When I was a kid I used to flit from my ballet lessons to my bike saddle. I’d spend Saturday afternoons racing the hours around the housing estate with a collection of friends. When I got hot I would strip to my leotard and shorts and I was still young enough to feel ‘cool’ as I watched my arms grow long and brown with tan shading in the gaps between the freckles.

Sometimes our exuberance would lead us beyond our limits, it would drag us further down and further out to the cricket fields where we’d laugh at the ceremony of white and green and the sound of the appreciative welcome that greeted each gun-crack of ball on bat. We’d skim the ground and skin our bare feet when we scraped low around the corners. We chased each other’s tails and wondered how we could extend ourselves forever.

Our bikes set us on pedestals but they also set us free, sometimes I think that I’ll never again feel so ‘grown up’ as I did on those afternoons – loose and reckless and savage.

I was always the fastest. I was also the smallest but ballet had turned me lithe and strong so that I could command my bike more effectively than the others could. There was a crater in the middle of the housing estate that seemed to have no purpose for existing. A sink hole, perhaps, had vacuum formed it from beneath into a steep-sided bowl. Or maybe the sky had leant down to take a bite from it with an ice-cream scoop.
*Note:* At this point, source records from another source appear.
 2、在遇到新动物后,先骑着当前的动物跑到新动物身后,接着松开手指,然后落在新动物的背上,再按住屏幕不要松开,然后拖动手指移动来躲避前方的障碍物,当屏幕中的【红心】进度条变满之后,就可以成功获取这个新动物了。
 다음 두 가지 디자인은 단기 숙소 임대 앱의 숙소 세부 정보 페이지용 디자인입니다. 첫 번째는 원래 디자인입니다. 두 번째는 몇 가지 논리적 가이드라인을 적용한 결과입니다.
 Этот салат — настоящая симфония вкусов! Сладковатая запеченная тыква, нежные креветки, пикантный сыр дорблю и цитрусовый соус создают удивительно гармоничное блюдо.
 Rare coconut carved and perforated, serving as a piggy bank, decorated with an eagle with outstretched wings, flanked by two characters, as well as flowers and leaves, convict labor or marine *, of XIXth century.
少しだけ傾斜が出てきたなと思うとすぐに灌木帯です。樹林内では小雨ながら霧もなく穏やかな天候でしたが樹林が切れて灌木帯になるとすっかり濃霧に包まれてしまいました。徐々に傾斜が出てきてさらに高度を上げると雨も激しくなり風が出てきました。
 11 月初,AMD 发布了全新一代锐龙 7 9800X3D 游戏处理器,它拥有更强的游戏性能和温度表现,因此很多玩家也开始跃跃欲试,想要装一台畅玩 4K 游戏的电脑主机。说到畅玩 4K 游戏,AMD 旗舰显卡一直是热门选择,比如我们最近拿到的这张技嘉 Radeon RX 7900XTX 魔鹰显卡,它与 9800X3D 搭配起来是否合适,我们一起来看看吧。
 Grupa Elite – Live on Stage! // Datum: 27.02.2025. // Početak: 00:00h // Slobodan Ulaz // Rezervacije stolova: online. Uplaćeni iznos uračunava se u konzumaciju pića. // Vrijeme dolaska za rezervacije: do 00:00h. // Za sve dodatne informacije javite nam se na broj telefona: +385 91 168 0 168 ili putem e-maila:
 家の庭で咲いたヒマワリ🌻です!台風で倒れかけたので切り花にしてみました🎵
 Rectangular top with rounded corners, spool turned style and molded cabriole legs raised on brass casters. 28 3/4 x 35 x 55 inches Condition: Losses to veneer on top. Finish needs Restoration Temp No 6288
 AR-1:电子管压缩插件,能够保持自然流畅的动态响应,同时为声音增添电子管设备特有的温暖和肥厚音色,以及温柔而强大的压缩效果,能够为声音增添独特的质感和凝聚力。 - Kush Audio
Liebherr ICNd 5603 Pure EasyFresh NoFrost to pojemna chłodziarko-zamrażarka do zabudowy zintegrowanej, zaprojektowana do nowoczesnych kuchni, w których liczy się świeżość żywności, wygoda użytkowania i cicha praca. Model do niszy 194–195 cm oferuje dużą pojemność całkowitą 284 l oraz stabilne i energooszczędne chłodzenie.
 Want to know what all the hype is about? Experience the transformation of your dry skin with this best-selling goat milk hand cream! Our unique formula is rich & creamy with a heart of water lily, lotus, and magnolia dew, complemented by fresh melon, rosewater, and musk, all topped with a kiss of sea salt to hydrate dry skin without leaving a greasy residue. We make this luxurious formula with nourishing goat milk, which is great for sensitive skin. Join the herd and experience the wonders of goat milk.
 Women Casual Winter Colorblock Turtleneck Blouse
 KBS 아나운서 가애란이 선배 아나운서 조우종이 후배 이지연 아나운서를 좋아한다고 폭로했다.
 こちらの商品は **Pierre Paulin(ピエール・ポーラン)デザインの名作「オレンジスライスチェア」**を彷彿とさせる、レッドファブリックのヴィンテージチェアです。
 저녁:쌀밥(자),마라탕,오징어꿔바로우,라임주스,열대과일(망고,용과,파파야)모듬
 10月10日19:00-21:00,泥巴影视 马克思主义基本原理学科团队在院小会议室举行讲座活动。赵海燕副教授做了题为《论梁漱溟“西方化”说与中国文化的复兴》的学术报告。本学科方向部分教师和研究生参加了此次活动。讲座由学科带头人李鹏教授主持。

That crater was my pride and joy; not the thing itself but the fearlessness I could construct around it. Of the four of us, I was the only one who was brave enough to hurtle through it like a stunt man on a BMX and the thrill of plunging then rising was so immense that I would rush at it over and over. Perhaps I hoped it might grow steeper with each assault. The others, with saintly patience and un-saintly envy, would watch my obnoxiousness from a slight distance, as though afraid that they might tumble after me if they came to close.

I taught myself to ride with one hand, and then with none. Providing an absence of corners, I was able to apply both hands to my hair as I pedalled which only increased my sense of superiority. I never attempted the crater with no hands, though – I knew where to draw the line. I was brave back then, which is funny because I’ve never been brave about anything else.

Now I draw the line everywhere. I cross out everything with it and colour myself in with doubt. I scarcely move for fear of crossing it.